I'm working on replacing all the lights and replacing some other electronic parts in my RS2. Meanwhile the instrument cluster was removed from the dashboard to replace and solder some lights there. Of course I wouldn't be a detailer if I didn't attack the parts with our detailing experience.

After removing every single part I started with removing all the dust build up. This was done using various brushes, the smaller the better. Then everything was degreased using a soft IPA mixture and Blackfire Interior Cleaner. To make sure there's no dust left everything was blown out using pressured air.

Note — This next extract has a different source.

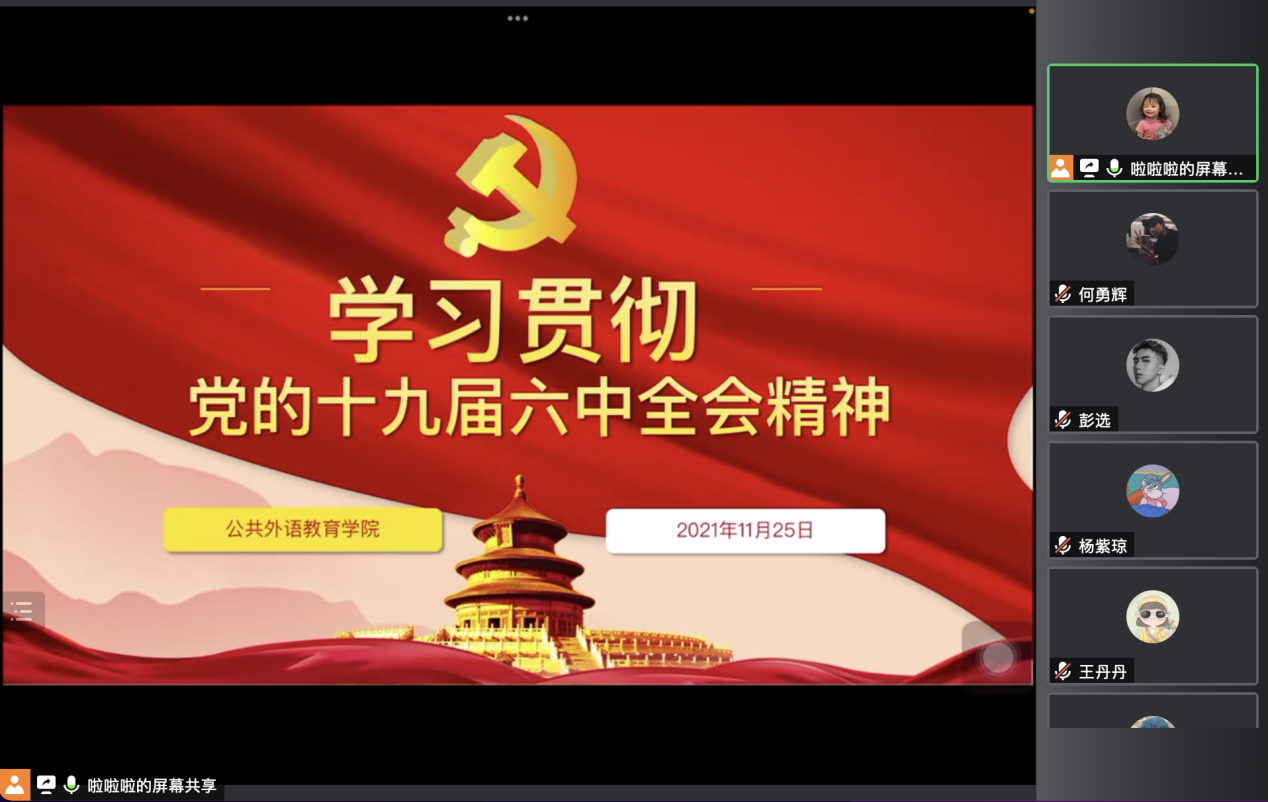 为深入学习贯彻党的十九届六中全会精神,深刻理解党百年奋斗的历史经验,深化学生干部爱党情怀,公共外语教育学院研究生会组织开展了“学习十九届六中全会精神”活动。2021年11月25日下午,公共外语教育学院研究生会全体成员以线上会议的形式,学习了十九届六中全会精神。本次会议由院研究生会主席曲哲主持,研究生会全体学生干部参与学习。

Time to do some polishing! Keep in mind the plastic is very soft and can easily crack. This is important for the choice in polish and machine! A D/A will shake and vibrate too much and could possibly shatter the screen.
I started working with the Makita rotary combined with a green Gloss-it pad and Menzerna PF2500. This left some buffer trails and hazing, showing me that I was right about the very soft plastic.
Followed using a blue Gloss-it pad combined with Menzerna FF3000 on the rotary. Working it in on speed 2,5 and gradually lowering this to finish very slow (speed 1) in speed and movement, lifting the machine from the plastic made sure we achieved a nice result.

The final part was some further cleaning and protection. I chose Swissvax Cleaner Fluid to be make sure I removed every singly polish residu and to prepare to surface for protection. 
I went a bit over the top and used Swissvax Zuffenhausen because the guys from Porsche were involved for a small part. 

Thanks for reading, and yes there will be more RS2 parts being detailed. I just need to find the time! 

*Pictures* (click)


























Firs step in polishing, you can see the buffertrails.










Totally finished...


----------



## Ducky (Mar 19, 2007)

Sweet, as a fellow RS2 owner I'd be interested in your upcoming posts also! :thumb:


----------



## Wax-IT.be (Feb 3, 2011)

You can follow updates and such on the s2forum: http://www.s2forum.com/forum/showthread.php?t=37112


----------



## Ducky (Mar 19, 2007)

Oh it's you  I hadn't seen that post on S2forum as yet, but I recognise the car. lol :thumb:


----------



## details (May 13, 2009)

wow:thumb:


----------